#### [What you need to do]
Return nothing but the lines from the one with "AS VILYENO WINKED" through the one with "На железнодорожной линии" in the data below, word for word and without pictures.

#### [Source information]
※ ※ ※
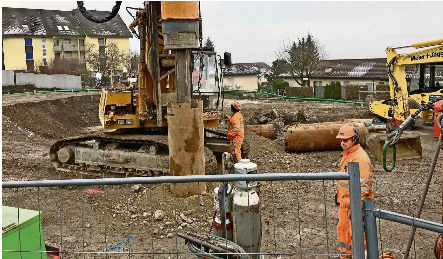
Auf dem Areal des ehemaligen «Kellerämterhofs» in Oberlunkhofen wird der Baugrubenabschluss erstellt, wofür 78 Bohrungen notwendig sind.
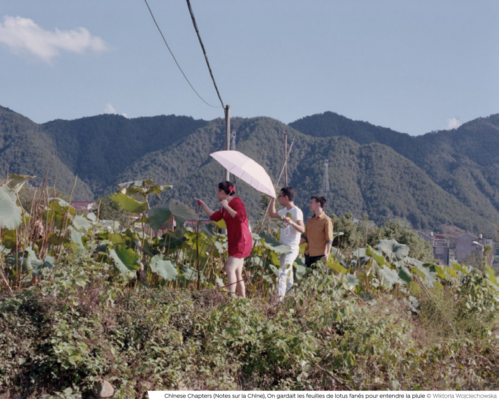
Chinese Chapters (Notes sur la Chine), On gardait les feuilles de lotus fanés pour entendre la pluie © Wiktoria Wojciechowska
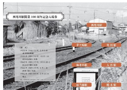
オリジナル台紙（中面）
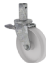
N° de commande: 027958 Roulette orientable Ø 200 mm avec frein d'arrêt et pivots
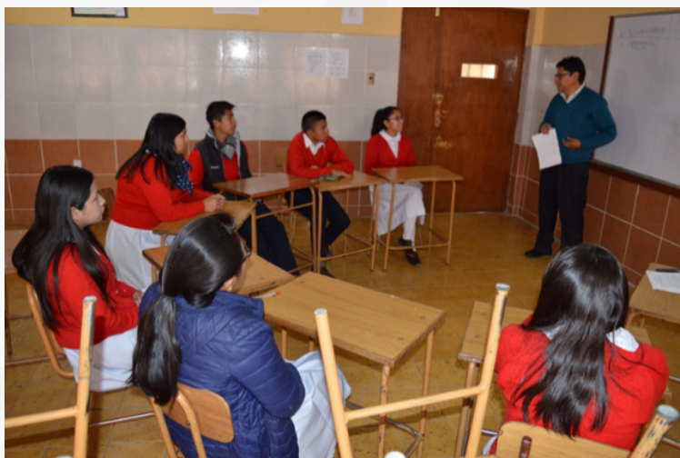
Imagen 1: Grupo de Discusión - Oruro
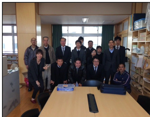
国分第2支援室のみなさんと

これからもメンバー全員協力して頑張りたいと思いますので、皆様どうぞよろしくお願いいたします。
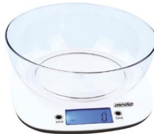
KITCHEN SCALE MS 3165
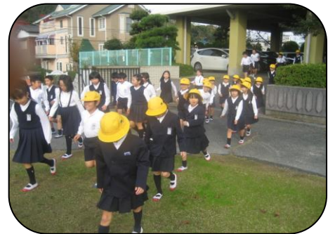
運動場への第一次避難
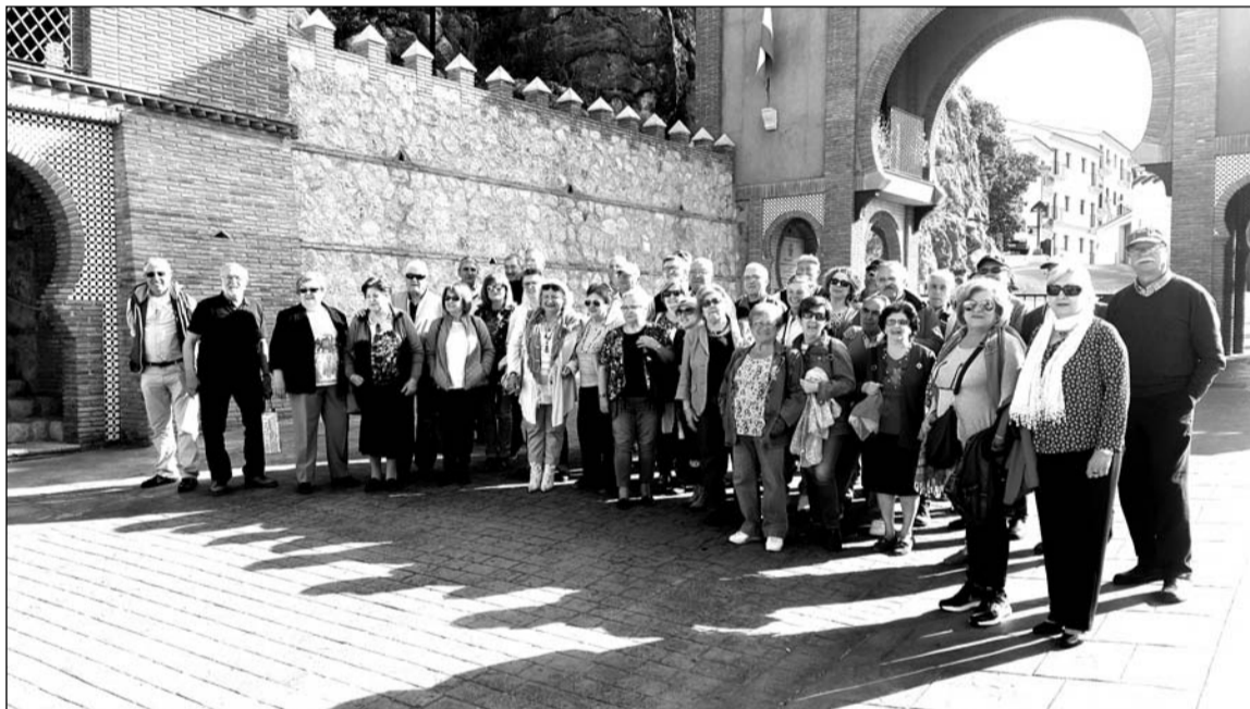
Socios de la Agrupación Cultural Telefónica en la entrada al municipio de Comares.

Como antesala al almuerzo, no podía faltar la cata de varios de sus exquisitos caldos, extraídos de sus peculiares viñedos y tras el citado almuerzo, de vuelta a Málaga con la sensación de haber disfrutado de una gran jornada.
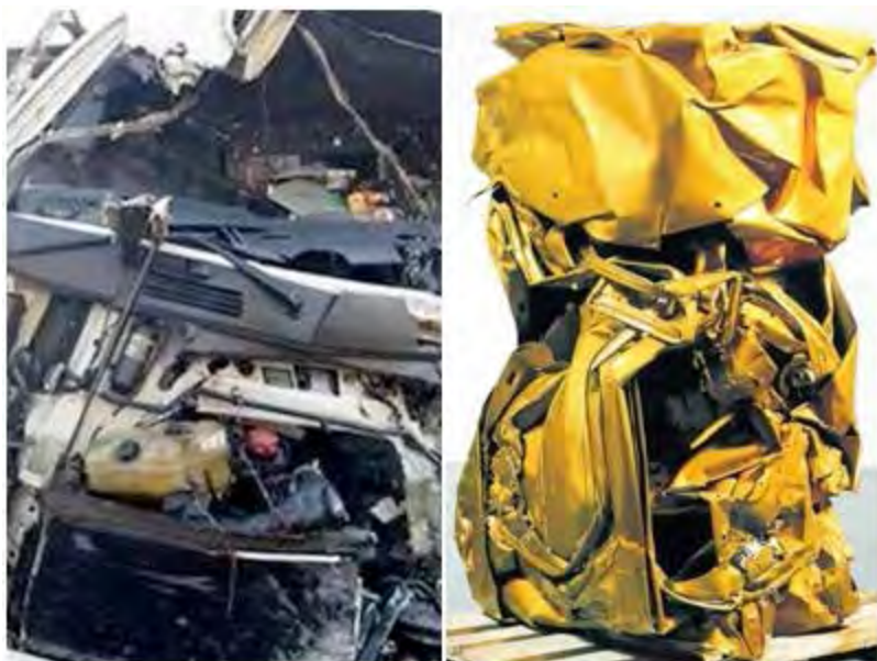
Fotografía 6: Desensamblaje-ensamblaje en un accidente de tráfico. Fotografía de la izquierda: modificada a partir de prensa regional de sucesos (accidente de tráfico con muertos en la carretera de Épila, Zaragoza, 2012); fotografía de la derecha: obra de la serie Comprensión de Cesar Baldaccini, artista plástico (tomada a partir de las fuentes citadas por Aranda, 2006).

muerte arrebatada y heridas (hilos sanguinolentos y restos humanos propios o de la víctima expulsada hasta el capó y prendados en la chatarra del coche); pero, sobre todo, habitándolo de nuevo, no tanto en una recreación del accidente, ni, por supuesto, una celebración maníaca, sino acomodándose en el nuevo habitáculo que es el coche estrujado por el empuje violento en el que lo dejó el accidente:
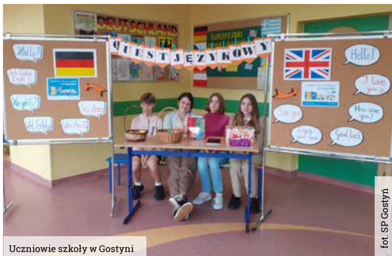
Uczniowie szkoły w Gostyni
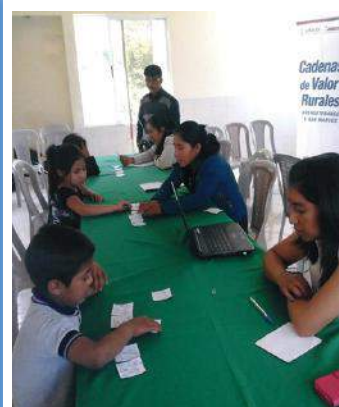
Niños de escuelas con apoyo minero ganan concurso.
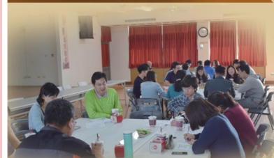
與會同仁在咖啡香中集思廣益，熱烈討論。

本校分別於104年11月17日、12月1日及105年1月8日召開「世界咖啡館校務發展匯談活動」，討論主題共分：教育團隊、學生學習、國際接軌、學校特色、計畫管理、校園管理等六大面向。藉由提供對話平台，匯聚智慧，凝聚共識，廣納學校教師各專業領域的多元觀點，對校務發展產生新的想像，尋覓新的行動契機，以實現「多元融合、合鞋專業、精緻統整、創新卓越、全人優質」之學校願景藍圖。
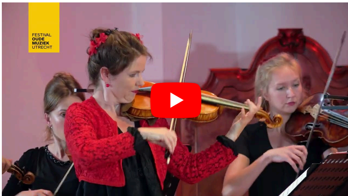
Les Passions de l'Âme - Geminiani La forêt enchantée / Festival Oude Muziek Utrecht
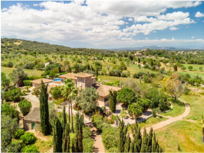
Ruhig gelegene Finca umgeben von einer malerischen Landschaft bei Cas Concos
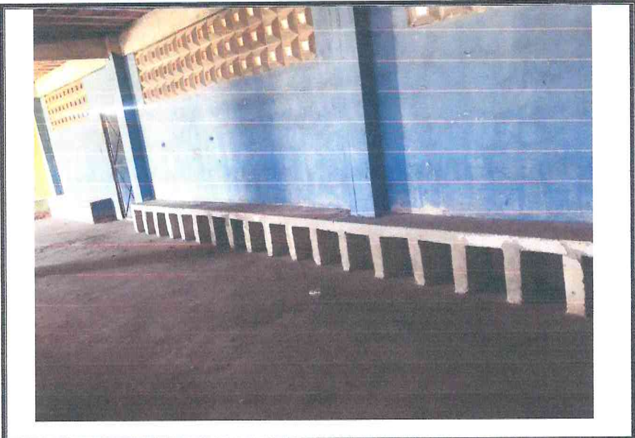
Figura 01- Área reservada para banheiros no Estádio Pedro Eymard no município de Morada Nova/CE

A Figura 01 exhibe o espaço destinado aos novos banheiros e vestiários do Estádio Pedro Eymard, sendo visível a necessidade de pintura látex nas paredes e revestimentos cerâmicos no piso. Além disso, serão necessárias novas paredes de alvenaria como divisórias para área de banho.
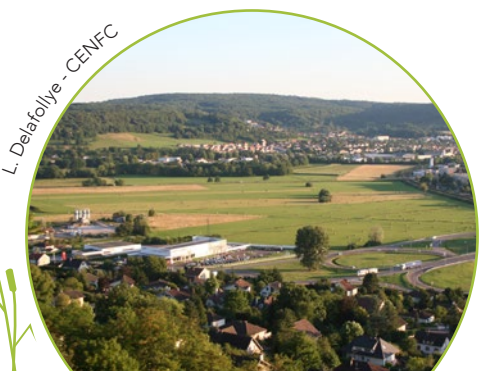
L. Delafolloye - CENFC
※ ※ ※
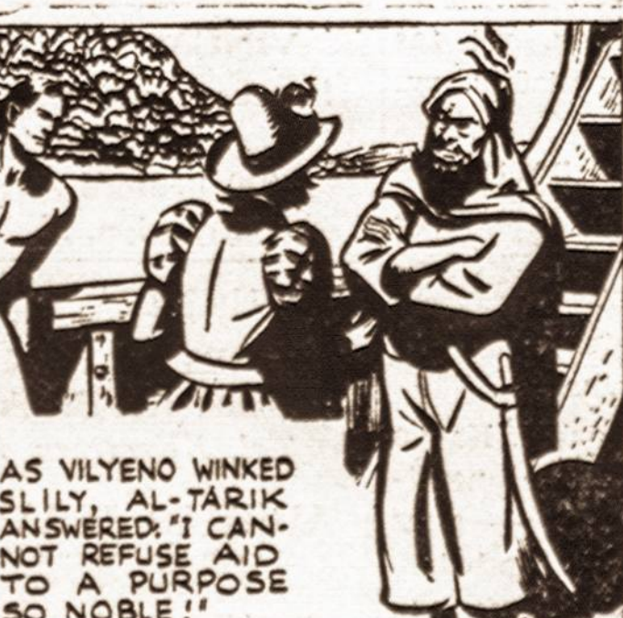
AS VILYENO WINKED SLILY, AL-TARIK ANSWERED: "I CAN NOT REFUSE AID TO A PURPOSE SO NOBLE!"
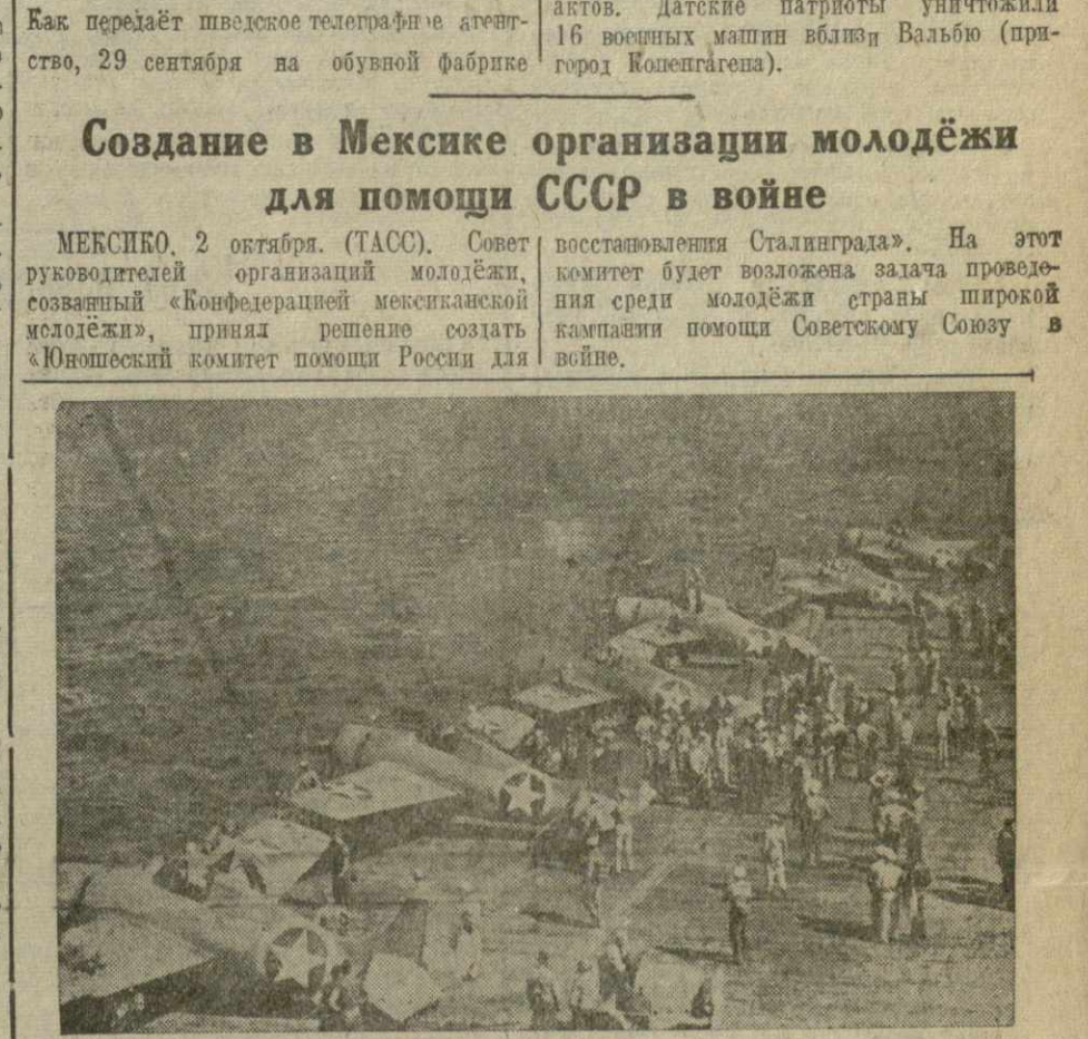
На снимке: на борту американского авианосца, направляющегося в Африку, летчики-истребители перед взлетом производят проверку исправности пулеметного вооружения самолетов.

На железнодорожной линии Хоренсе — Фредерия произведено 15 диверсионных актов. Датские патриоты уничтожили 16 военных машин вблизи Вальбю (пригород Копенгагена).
※ ※ ※
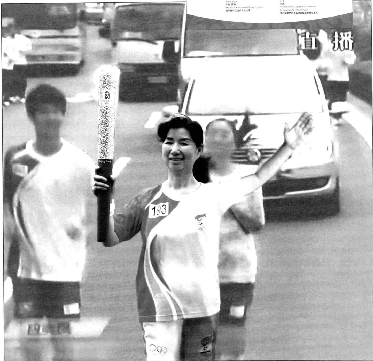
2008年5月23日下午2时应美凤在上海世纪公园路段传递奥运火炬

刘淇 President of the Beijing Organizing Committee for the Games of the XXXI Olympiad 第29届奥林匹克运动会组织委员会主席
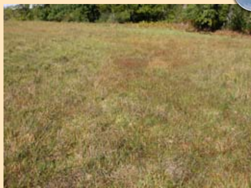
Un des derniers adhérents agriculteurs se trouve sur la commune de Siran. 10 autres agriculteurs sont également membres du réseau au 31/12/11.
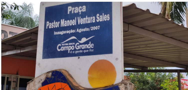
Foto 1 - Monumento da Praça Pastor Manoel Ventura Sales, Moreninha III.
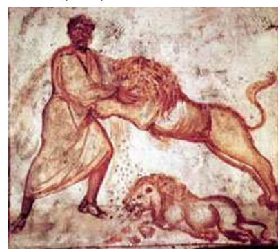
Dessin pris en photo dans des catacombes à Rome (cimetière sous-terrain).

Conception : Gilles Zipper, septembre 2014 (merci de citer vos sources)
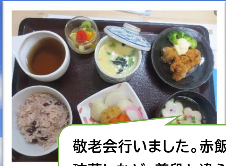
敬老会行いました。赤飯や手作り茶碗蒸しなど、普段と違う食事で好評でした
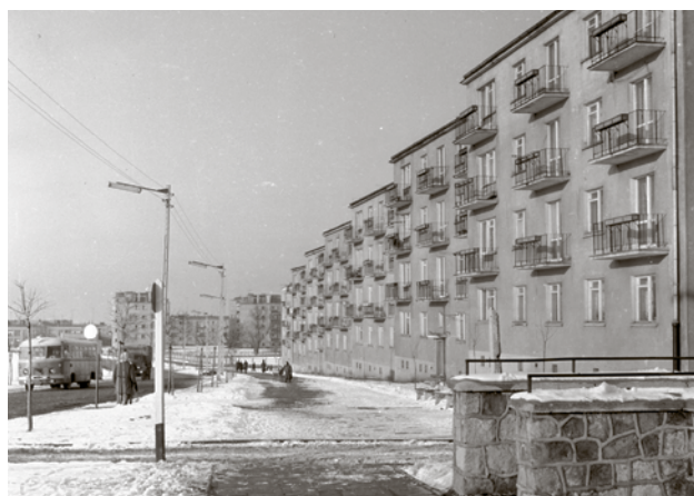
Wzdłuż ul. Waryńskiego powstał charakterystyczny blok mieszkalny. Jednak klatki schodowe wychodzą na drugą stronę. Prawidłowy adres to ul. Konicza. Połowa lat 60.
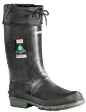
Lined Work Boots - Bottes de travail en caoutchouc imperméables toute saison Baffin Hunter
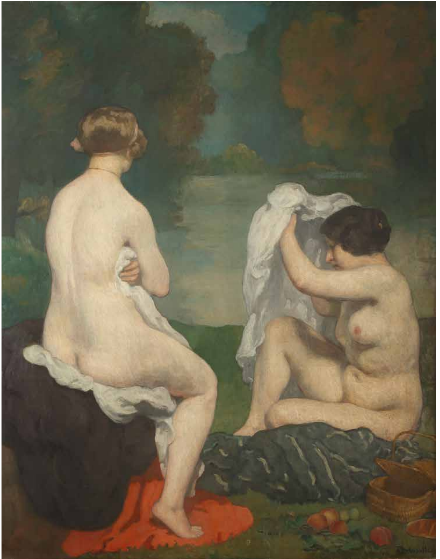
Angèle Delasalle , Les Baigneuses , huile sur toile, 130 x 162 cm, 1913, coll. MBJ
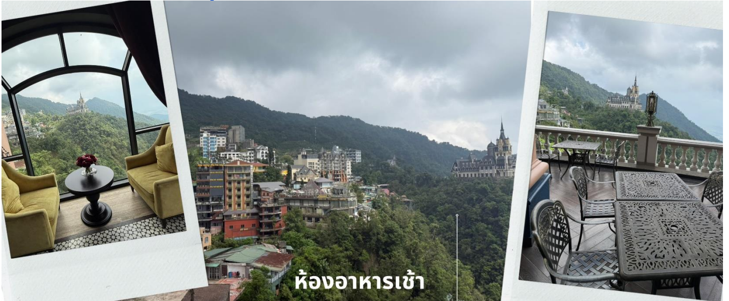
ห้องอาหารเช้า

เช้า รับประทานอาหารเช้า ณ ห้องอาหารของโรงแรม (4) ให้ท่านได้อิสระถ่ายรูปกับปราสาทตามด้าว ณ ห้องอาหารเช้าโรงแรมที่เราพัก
※ ※ ※
#### [Result of the exercise]
AS VILYENO WINKED SLILY, AL-TARIK ANSWERED: "I CAN NOT REFUSE AID TO A PURPOSE SO NOBLE!"
На снимке: на борту американского авианосца, направляющегося в Африку, летчики-истребители перед взлетом производят проверку исправности пулеметного вооружения самолетов.

На железнодорожной линии Хоренсе — Фредерия произведено 15 диверсионных актов. Датские патриоты уничтожили 16 военных машин вблизи Вальбю (пригород Копенгагена).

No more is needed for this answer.